11. The system of claim 10, wherein autonomously modifying the operation of the AV comprises causing a control system of the AV to perform at least one of:
preventing the AV from driving; or
causing the AV to stop.
12. The system of claim 9, wherein using the one or more AI models and the plurality of images comprises at least one of:
generating a panoramic image from the plurality of images; or
generating an embedding based on the plurality of images.
13. The system of claim 9, wherein the one or more areas of the vehicle comprise:
one or more seats of the vehicle;
a floor of the vehicle; and
a storage area of the vehicle.
14. The system of claim 9, wherein generating the vehicle area data based on the passenger data comprises:
determining a location of a passenger of the one or more passengers; and
determining whether the location of the passenger overlaps above a threshold amount with a location of an area of the one or more areas of the vehicle.
15. The system of claim 9, wherein the at least one passenger seating configuration criterion comprises at least one of:
a first passenger of the one or more passengers being located in a first seat of the vehicle, and seatbelt data from the vehicle indicating that a seatbelt of the first seat is not buckled;
a plurality of passengers of the one or more passengers being located in the first seat of the vehicle; or
the first passenger being located in a first area of the one or more areas of the vehicle, and the first area not being a seat of the vehicle.
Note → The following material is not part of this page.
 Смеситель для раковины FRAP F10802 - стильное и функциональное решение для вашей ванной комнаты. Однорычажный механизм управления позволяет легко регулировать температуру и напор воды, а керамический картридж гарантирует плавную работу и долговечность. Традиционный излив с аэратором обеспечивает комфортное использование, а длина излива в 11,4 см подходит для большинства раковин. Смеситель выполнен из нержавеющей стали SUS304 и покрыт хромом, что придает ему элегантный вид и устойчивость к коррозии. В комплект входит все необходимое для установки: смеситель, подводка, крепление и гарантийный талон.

16. The system of claim 9, wherein the at least one passenger seating configuration criterion comprises at least one of:
all of the one or more passengers being children;
a first passenger of the one or more passengers being a child, and the first passenger not being located in a child safety seat; or
a second passenger of the one or more passengers smoking.
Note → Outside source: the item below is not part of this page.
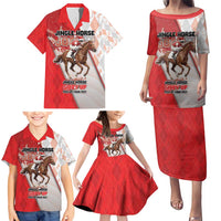 Horse Racing Christmas Family Matching Puletasi and Hawaiian Shirt Giddy Up Pick Up Your Feet

17. A non-transitory computer-readable medium storing instructions that, when executed by one or more processing devices, cause the one or more processing devices to perform operations comprising:
obtaining a plurality of images captured by a plurality of cameras of a vehicle;
generating, using one or more artificial intelligence (AI) models and the plurality of images, passenger data indicating locations of one or more passengers of the vehicle;
generating, based on the passenger data, vehicle area data indicating one or more areas of the vehicle at which the one or more passengers are located;
determining, based on the passenger data and the vehicle area data, whether at least one passenger seating configuration criterion is satisfied; and
responsive to determining that the at least one passenger seating configuration criterion is satisfied, causing the vehicle to perform an action associated with a passenger seating configuration in the vehicle.
18. The computer-readable medium of claim 17, wherein the passenger data comprises, for each location of the one or more locations of the one or more passengers, a confidence score.
19. The computer-readable medium of claim 18, wherein:
the passenger data comprises first passenger data generated by a first AI model of the one or more AI models, wherein the first passenger data indicates that a first location of the one or more location of the vehicle includes a passenger of the one or more passengers;
the passenger data further comprises second passenger data generated by a second AI model of the one or more AI models, wherein the second passenger data indicates that the first location does not include a passenger of the one or more passengers;
the operations further comprise determining that the confidence score of the first passenger data is higher than the confidence score of the second passenger data; and
generating the vehicle area data is based on the first passenger data.
20. The computer-readable medium of claim 17, wherein:
the vehicle comprises an autonomous vehicle (AV); and
the action associated with the passenger seating configuration in the vehicle comprises at least one of:
producing a passenger alert based on the at least one passenger seating configuration criterion being satisfied, or
autonomously modifying operation of the AV based on the at least one passenger seating configuration criterion being satisfied.